Unless otherwise indicated, the business address of each person listed is in care of c/o Omega Commercial Finance Corp., 1000 5th Street, Suite 200, Miami Beach, Florida 33139. The percentages in the table have been calculated on the basis of treating as outstanding for a particular person, all Shares outstanding on that date and all Shares issuable to that holder in the event of exercise of outstanding options, warrants, rights or conversion privileges owned by that person at that date which are exercisable within 60 days of that date.

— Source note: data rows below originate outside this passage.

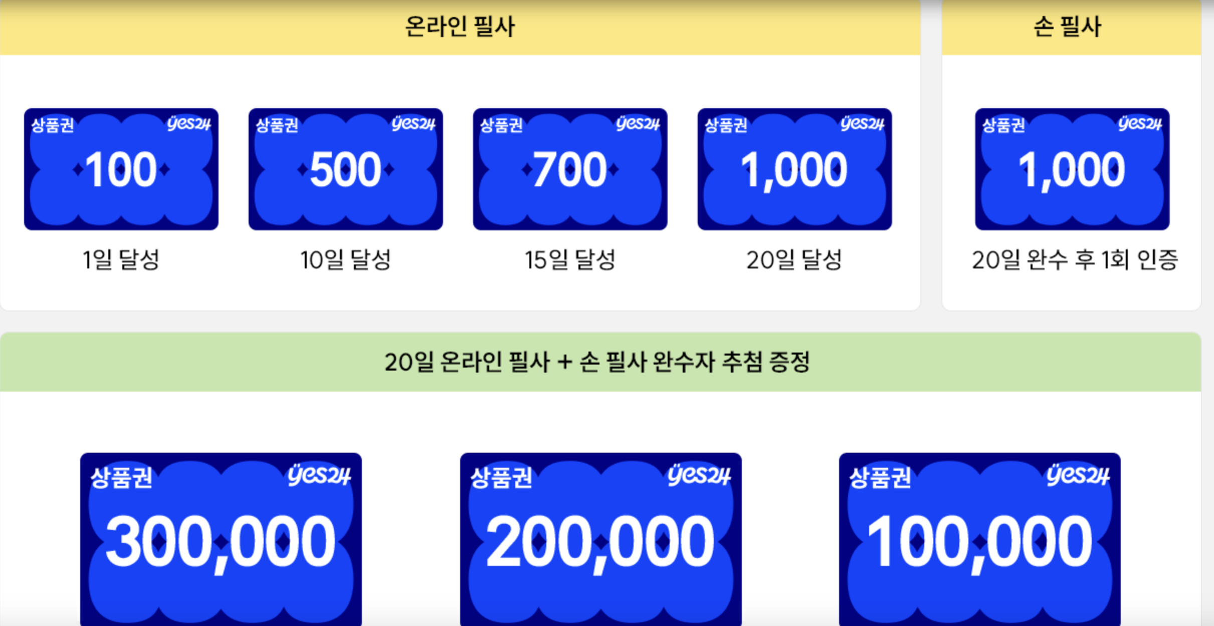 읽은 부분 중에서 문장을 꼽아 50자 이상 적어서 등록하면 되는 것이라 종이책 뿐만 아니라 e북으로 읽어도 됩니다. 또한 매일 인증하지 않고 기간 안에 20회 인증하면 2,300점 받을 수 있고요. 1회만 손필사 인증하면 1,000점 추가로 얹어서 3,300점이 들어옵니다.
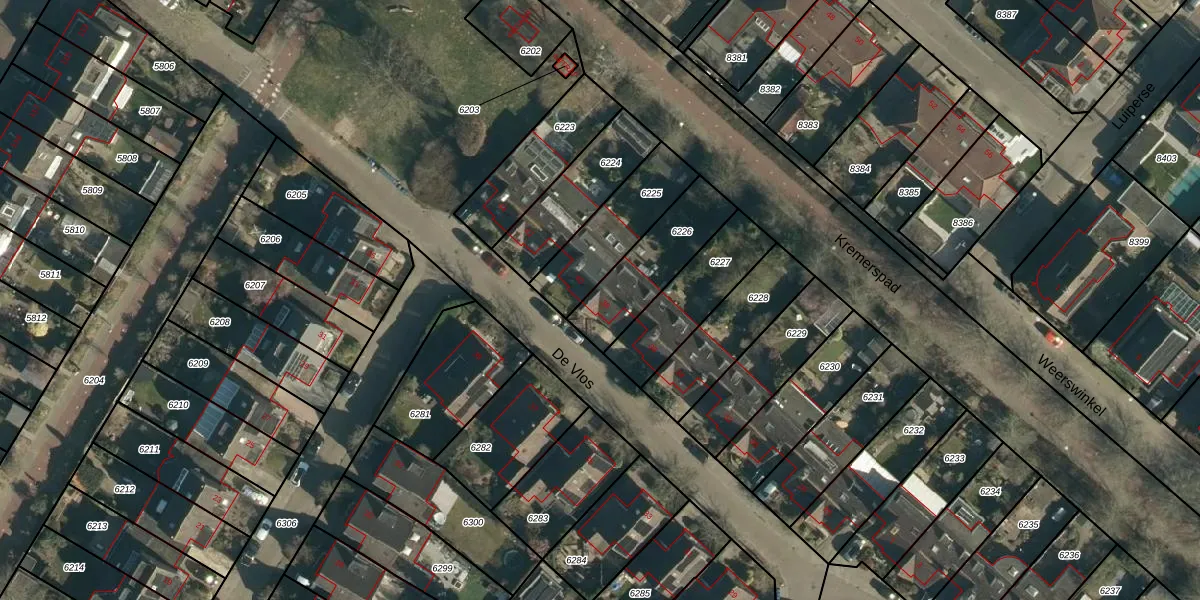 Het perceel waarop De Vlos 38 staat heeft een oppervlakte van 279 m². Dit is een middelgroot perceel. De perceeloppervlakte wordt geregistreerd door het Kadaster. Gedetailleerde informatie over de maten van dit perceel kunt u vinden in het rapport Kadastrale kaart met maatvoering van De Vlos 38.
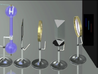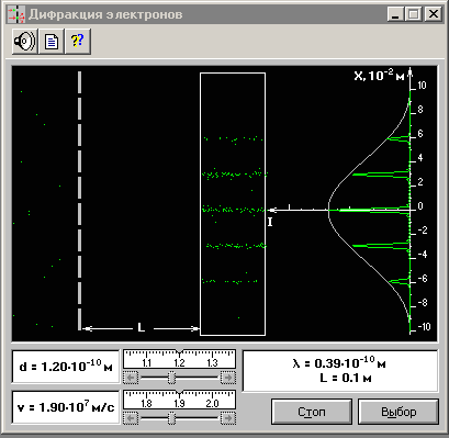 Дифракция электронов Программа иллюстрирует основную концепцию современной квантовой физики - понятие двойственной природы всех материальных объектов. Она моделирует явление рассеяния электронов в кристаллах с помощью мысленного эксперимента по дифракции электронных волн на одномерной решетке. Показано, что дифракционная картина образуется в результате вероятностного процесса. Предусмотрена возможность изменения периода решетки и скорости электронов.

Except as otherwise indicated, the persons listed below have sole voting and investment power with respect to all Shares owned by them, except to the extent that power may be shared with a spouse.
| | | | |
Name and Address of Beneficial Owner – Common Stock | | Amount and Nature of Beneficial Ownership | | Percent of Class |
Jon S. Cummings, IV(1) | | 210,013,852 | | 13350% |
Clarence Williams | | 10,000,002 | | 0% |
Eran Danino | | 42,701,300 | | 2.71% |
Todd Buxton | | 42,500,005 | | 2.70% |
Iconic Holdings LLC(4) 7200 Wisconsin Ave., Suite 206 Bethesda, MD 20814) | | 56,672,728 | | 3.60 |
Beaufort Capital Partners LLC(5) 660 White Plains Road STE 455 Tarrytown, NY 10591 | | 56,581,818 | | 3.60 |
All officers and directors as a group (4 persons) | | 305,500,873 | | 20.03% |
Omega Capital Funding LLC(2) | | 602 | | 0% |
Omega Capital Street LLC(3) | | 60,010,250 | | 3.93% |
(1) Mr. Cummings is our CEO. Includes 150,002,750 shares owned directly, 602 shares owned by Omega Capital Funding, LLC, 60,010,250 shares owned by Omega Capital Street, LLC and 250 shares owned by Omega CRE Group, LLC, our wholly owned subsidiaries.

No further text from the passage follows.